I really mean no offense to this but you haven't lived in a bad neighborhood and if you did only for a year...not your whole life... providence was never on a list of America's worst cities... you may have had some punk teenagers causing some trouble but nothing on the scale of DC and Baltimore or Chicago. Either way you're still missing the point.
You don't know 100 people that live in your neighborhood with laptops...
and getting your info from any site on the web can be considered naive...
the moments that you never saw it coming and never thought it would happen.
Just because it is a small risk where you come from doesn't mean that college students and consumers in other areas of the world should take things litely.
Fingerprint authorisation is very good. Virtually everyone here will have some 'secret' information on their machines, be that bank account/paypal details, address books, your client list, book/film/artwork you've been working on, or national secrets. It's very easy to loose a lappie; whilst it'll be insured, the aggravation of knowing all your "secrets" are now available in public would be a total PITA (especially if it contains other people's information).
If you are using Vista the whole drive (including the OS) can be encrypted. Otherwise not without some third party software.But, is that hard disk encrypted? If not, fingerprint device won't do nothing, since you could just take out the hard drive and read off whatever it is on it.

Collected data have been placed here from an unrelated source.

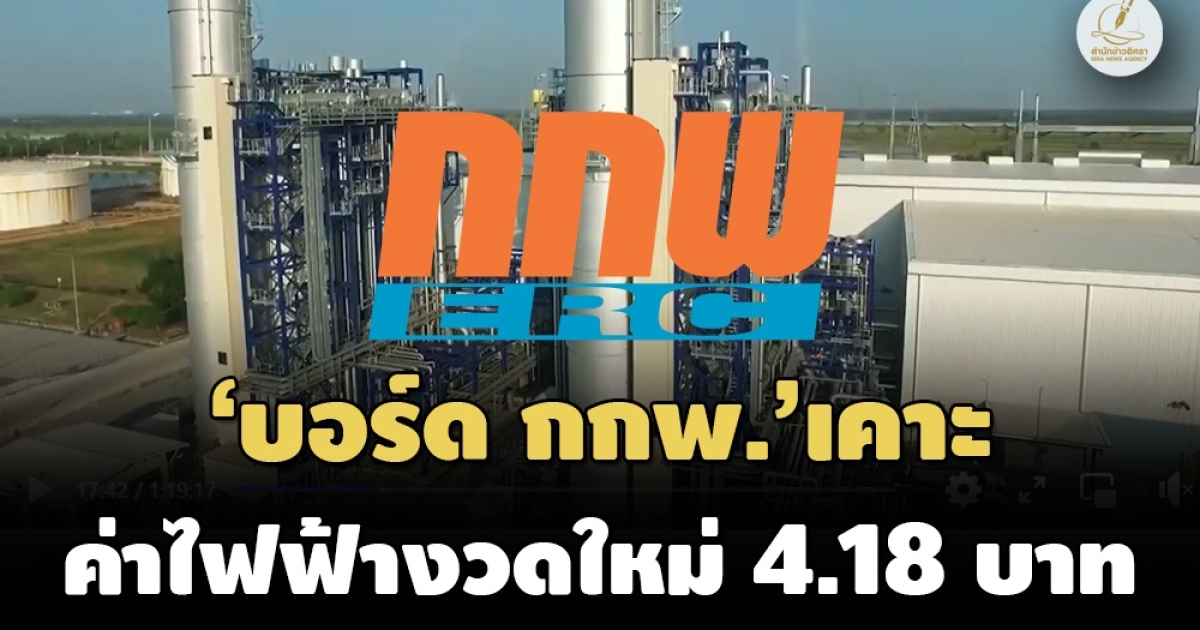 กกพ. ชี้ค่าไฟงวด พ.ค. - ส.ค. 67 ที่ 4.18 ต่อหน่วยตอบโจทย์ทุกฝ่าย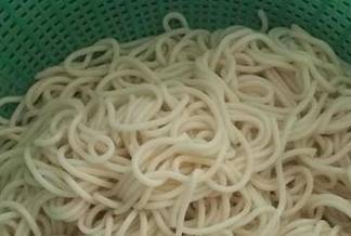 食材:燉好的牛肉塊,現買的圓面條,青菜,西紅柿和洋蔥!西紅柿切厚片,洋蔥切粗條,面條放入開水鍋裡煮至8分熟關火,過一下涼水、控水備用!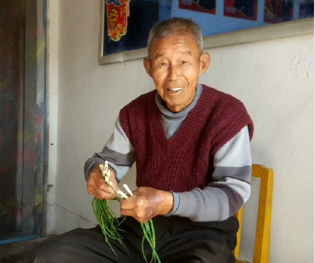李朋友飲食比較清淡,少肉多素,油鹽也不多。每天下午2點(diǎn)左右,他會(huì)定時(shí)喝些兒孫們孝敬給他享用的腦白金、牛奶等營養(yǎng)品。每月有近7000元的工資,想買什么就買什么,那么多子女一個(gè)也不過問,只是由著他怎么處理,但老人從不亂花瞎用。老人很會(huì)做人,也會(huì)討兒孫們的歡心,每當(dāng)他用存單積攢到6萬元錢時(shí),就會(huì)6個(gè)子女一家1萬地均分,讓兒孫們貼補(bǔ)家用。李朋友對(duì)子女出手大方,教育投入上一點(diǎn)也不含糊,一定要他們練好書,學(xué)會(huì)技能,所以他的子孫都在自食其力地工作,這讓李朋友很是欣慰。當(dāng)然,李朋友在兒孫中威望極高,逢年過節(jié)20多個(gè)子孫紛紛來到家中團(tuán)聚,給老人帶來孝敬的物品,為老人請(qǐng)安祝福,讓老人的晚年生活充滿了快樂!圖為李朋友老人在做晾被栽菜和擇菜時(shí)的鏡頭。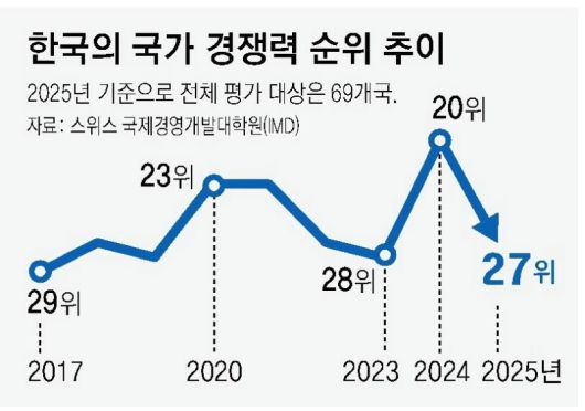 스위스 국제경영개발대학원(IMD)이 매긴 한국의 국가경쟁력 순위가 27위로 평가됐다. 역대 최고였던 20위에서 한 해 만에 7계단이나 내려앉은 것이다. 7계단이란 하락 폭은 한국이 1997년 평가 대상국에 포함된 후 최대다. 작년 12·3 비상계엄과 이어진 혼란 상황을 고려할 때 순위 하락은 어느 정도 예상됐던 일이다. 하지만 미국발 관세전쟁으로 국제경제 질서가 재편되는 가운데 드러난 우리 기업들의 경쟁력 하락은 심각한 위기 신호로 봐야 한다.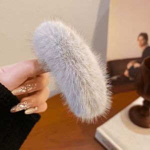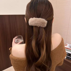 2025年新款一字扭扭夹仿水貂毛绒韩系温柔毛毛发夹后脑勺盘发发卡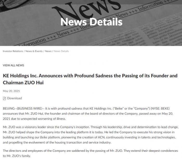 据贝壳找房订阅号消息,贝壳公司创始人兼董事长左晖先生因疾病意外恶化于2021年5月20日去世。公司董事会将对公司治理和相关事宜作出适当安排,并在两周内适时公布。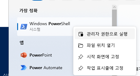 이것은 Execution Policy와 관련한 문제로 Windows PowerShell을 관리자 권한으로 실행해줍니다.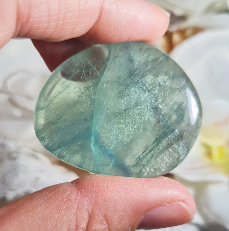 Artikelnummer: wmp OverzichtEen mooie platte steen van Fluoriet. De steen wordt ook wel een oplegsteen genoemd.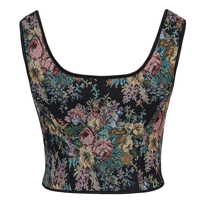 Floral Lace-up Front Vest U-Back 10 Bones Corset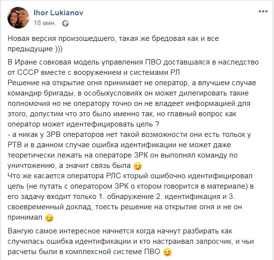 Лук'янов також припустив, що "найцікавіше почнеться, коли візьмуться розбирати як трапилася помилка ідентифікації і хто налаштовував запитувач, і чиї розрахунки були в комплексній системі ППО".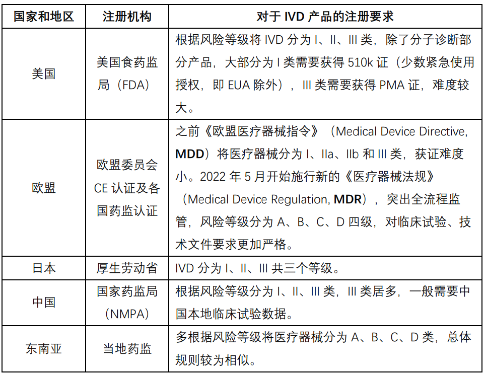 欧盟、美国等成熟市场已经制定了较为完善的IVD产品注册标准。近十年来,东南亚国家也开始逐步建立相关市场准入标准,针对IVD产品的监管经历了从宽松到严格的过程,相关审查参考CE、FDA的认证标准。整体来说,东南亚对于IVD产品的注册要求更为宽松,一般不需要对生产厂家进行现场审核,各国对于IVD产品的注册均有特定的规定,具体如下: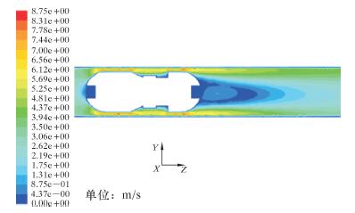 3 数值模拟结果及分析因为模型轴对称,所以取对称面(x=0的平面)来研究管内流场状态较为直观。图 4为管内流场绝对压力云图。由图可知,封堵器前、后端面压差较大,这是封堵器能在管内运动的动力来源。封堵器头部的连接槽位置出现局部高压,在封堵器和管内壁之间的狭长缝隙内的流体压力变化相对较为剧烈,对管壁存在一定冲击。整体来看,封堵器周围流场自上游至下游的压力分布呈明显区域化,且径向对称,有利于封堵器在管内平稳输送。低压区主要集中在封堵器尾部附近流场,主要由于该位置流域面积变化大,流动状态复杂,伴随产生回流和漩涡,导致大量能量损失。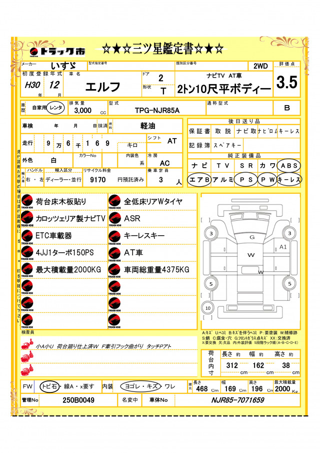 | 最大積載量 | 2,000(kg) |
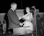 Anna Jackson, number one student in Masonic Home's graduating class, receives her diploma from W. Stephenson Cooke, president of the home's board at exercises on the campus. Published in Fort Worth Star-Telegram morning edition, May 29, 1950.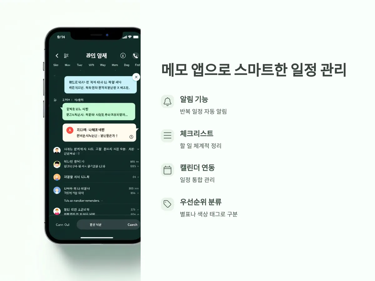 스마트폰 메모 앱은 단순한 기록장이 아닙니다. 알림 기능, 체크리스트, 캘린더 연동 등 다양한 기능을 통해 일정을 체계적으로 정리할 수 있습니다. 특히 반복적인 일정은 자동 알림 설정으로 잊지 않고 챙길 수 있으며, 중요한 프로젝트는 별표나 색상 태그를 통해 우선순위를 분류할 수 있습니다.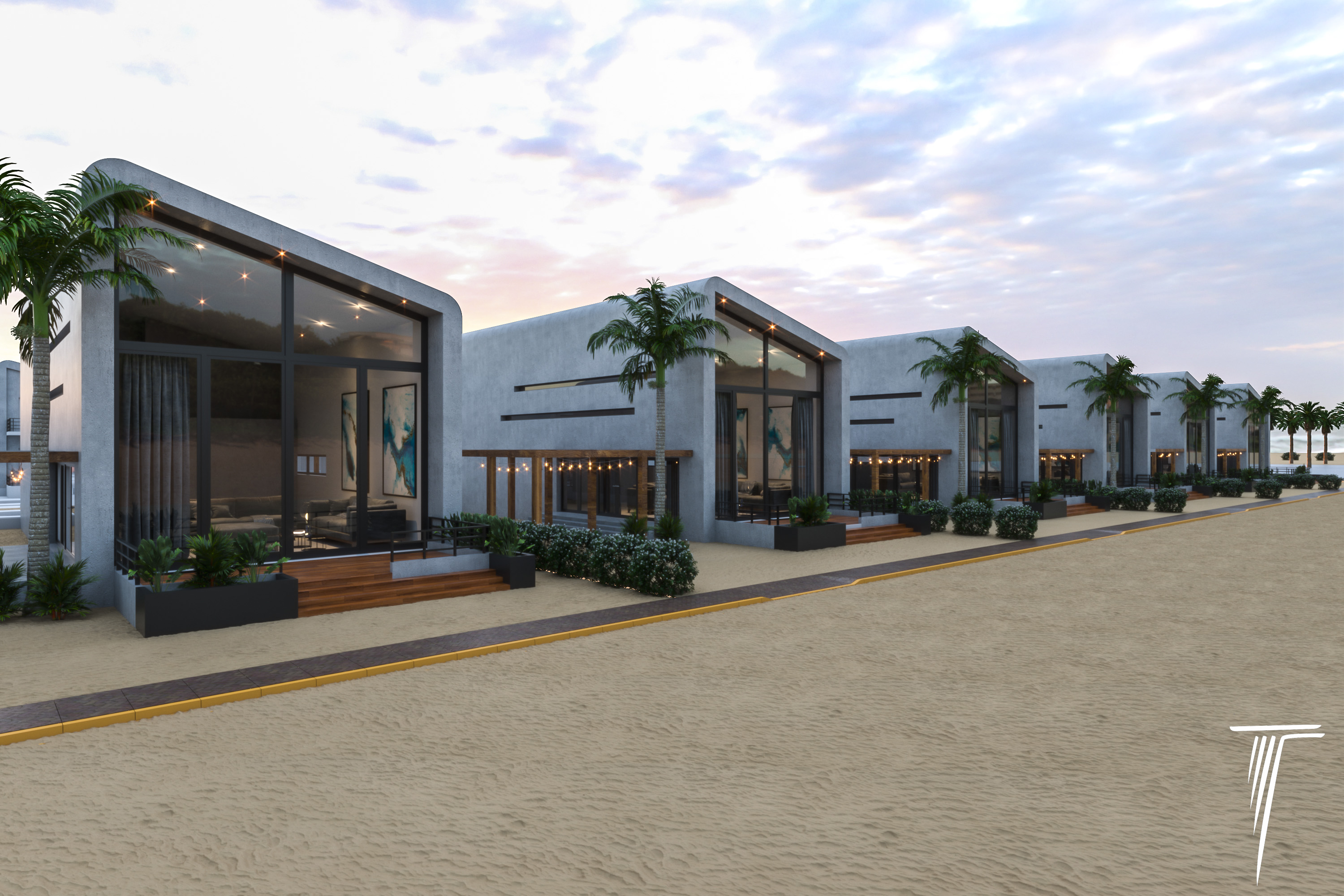Conjunto de casas habitación con una superficie de 120 m²  para arrendamiento. Cada una incluye vestíbulo, sala, comedor, cocina, cuarto de servicios, 3 recámaras, 2 baños completos y área de terraza.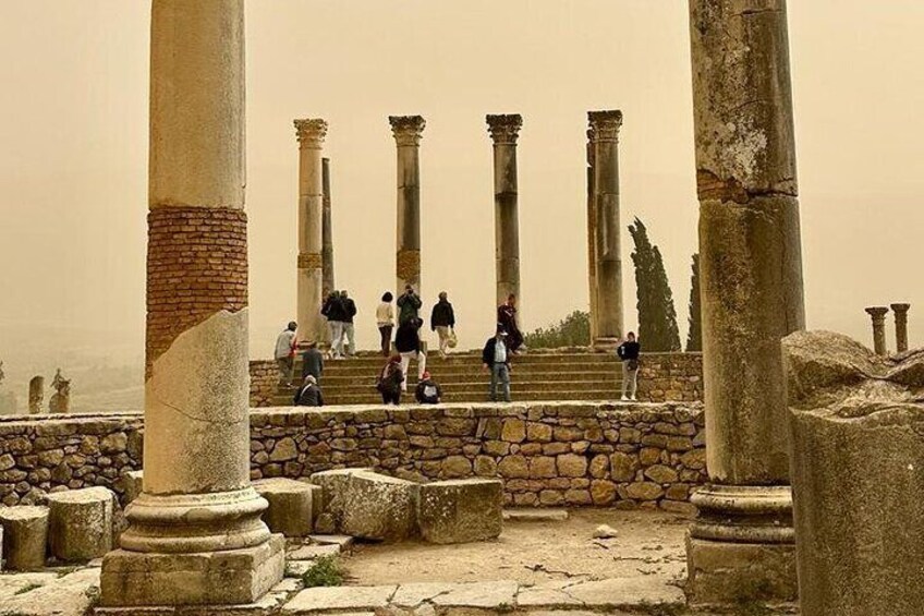 Travelers will explore the ancient Roman city of Volubilis, a UNESCO World Heritage Site and one of North Africa’s most important archaeological sites. Walk along the well-preserved streets, admire stunning mosaics, temples, columns, and triumphal arches, and enjoy panoramic views of the surrounding countryside. Visitors can take photos, explore at their own pace, or hire a local guide for detailed insights into the city’s fascinating history.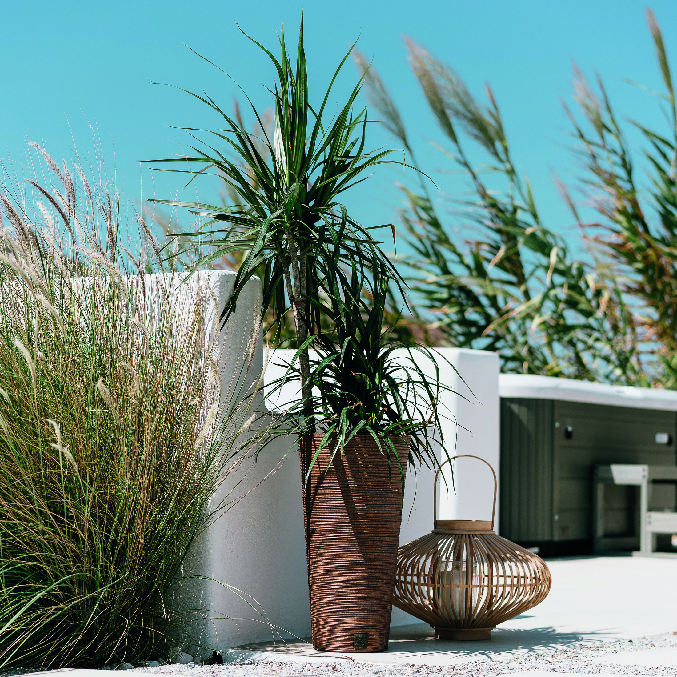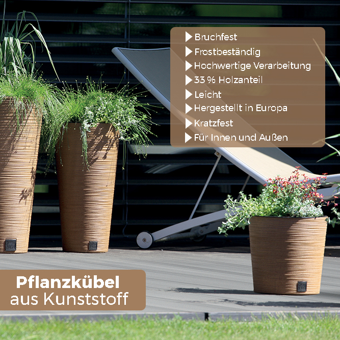 Diese Pflanzsäule sorgt für eine angenehme Atmosphäre in Ihrem Heim und Garten. Durch die verschiedenen Größen lässt er sich auch sehr schön gruppieren. Den Kunststoffeinsatz können Sie bequem herausheben, die Pflanzschale lässt sich so sehr einfach bepflanzen und Sie müssen nicht den gesamten Blumenkübel befüllen. Dadurch ersparen Sie sich das mühsame Befüllen des gesamten Blumenkübels. Das natürliche Aussehen, das durch die holzähnliche Struktur erreicht wird, verleiht der Einrichtung einen Boho-Stil. Die Blumentöpfe der Serie Furu verbinden Eleganz und Schlichtheit mit Modernität. Dank der attraktiven Farben passen sie in jeden Raum. Sie schmücken sowohl das Innere des Hauses oder Büros als auch die Terrasse oder den Balkon perfekt. Die Pflanzsäule ist nicht nur ein Blickfang für Ihr Zuhause und Ihren Garten, sondern sorgt auch für eine angenehme Atmosphäre. Diese Töpfe sind aus stabilem Kunststoff gefertigt, wodurch sie leicht, witterungsbeständig und langlebig sind. Trotz ihrer speziellen Oberfläche gestaltet sich ihre Reinigung äußerst einfach. Dank ihrer klassischen Formen sowie gedeckten Farben kommen darin gepflanzte Gewächse besonders schön zur Geltung.

On a Mac you can turn on FileVault with ease - just close the lid and it would take ages to brute force it the content, even if you take out the hard disk.
If you are using Vista the whole drive (including the OS) can be encrypted. Otherwise not without some third party software.
OS X is nice, that it comes with that encryption out of the box.
I just got a new MBP with 2.4Ghz, 256vRam and 2GB. And I ran the Geekbench and got 3205!. Now I also ran it in my old G4 1.5Ghz, 128vRam and 1GB of ram and got 805. So my new MBP is 4X faster then my old G4.
http://browse.geekbench.ca/
On a Mac you can turn on FileVault with ease - just close the lid and it would take ages to brute force it the content, even if you take out the hard disk.